UN to talk to UAE over Princess Latifa’s disappearance after worrying videos

The United Nations said it would discuss the alleged arrest of Princess Latifa al-Maktoum, the daughter of the Dubai ruler, with the United Arab Emirates after a series of videos of the 35-year-old apparently imprisoned were broadcast as apart from a documentary on CBS News BBC News.

No one outside Dubai has heard of Latifa al-Maktoum for months, and her family has been confined to a villa for more than two years, BBC News reported.

In the videos, which were recorded for several months on a phone that her friend smuggled to al-Maktoum, the princess speaks directly to the camera explaining how she was “taken hostage.”

“All the windows are closed. I can’t open any windows. There are five policemen outside and two police women inside the house, I can’t even go out to look for fresh air,” he said.

“Every day I worry about my safety and my life”

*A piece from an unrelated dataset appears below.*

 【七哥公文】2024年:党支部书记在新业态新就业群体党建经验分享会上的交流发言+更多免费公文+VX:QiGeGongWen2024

Al-Maktoum has reportedly been detained since 2018, when he tried to flee Dubai to India with the aim of finally claiming political asylum in the United States.

Princess Latifa
Princess Latifa of Dubai, United Arab Emirates

Reuters


In footage filmed before attempting to flee, he said his family had control of his passport and had not been allowed to leave the United Arab Emirates since 2000.

She was intercepted trying to leave the country on a yacht with her friend, Tiina Jauhiainen, and was forcibly reassured by force and returned to Dubai, according to the videos.

Jauhiainen was transferred to the country separately and detained in a detention center for two weeks.

“Every day I worry about my safety and my life. I don’t know if I will survive this situation,” al-Maktoum said in one of the videos on the phone. “The police threatened me that I would be in prison all my life and never see the sun again … I just want to be free.”

“The situation is desperate every day”

After his own release from prison and no news from Latifa, Jauhiainen founded the “Free Latifa” pressure group.

In 2019, with increasing international pressure, former UN Commissioner for Human Rights Mary Robinson traveled to Dubai to look for evidence that al-Maktoum was still alive.

The two met at the home of another member of the royal family, Al-Maktoum’s stepmother, Princess Haya, who later fled the country herself with her two children. It was the only time Al-Maktoum was allowed to leave his village during his captivity, he said in the videos.

Princess Haya told Robinson that Latifa had mental health difficulties.

“I was initially deceived by my good friend, Princess Haya, because she was deceived. Haya began to explain that Latifa had a rather serious bipolar problem. And they told me, in a very convincing way, ‘We don’t “I don’t want Latifa going through any other trauma,” Robinson said.

The British government faces calls to get involved in al-Maktoum’s case, as his father, Sheikh Mohammed bin Rashid al Maktoum, has powerful connections to the UK and visits them often.

“I don’t know what they plan to do with me. I really don’t know. So the situation is desperate every day and now I’m really tired of it,” al-Maktoum said in one of his videos.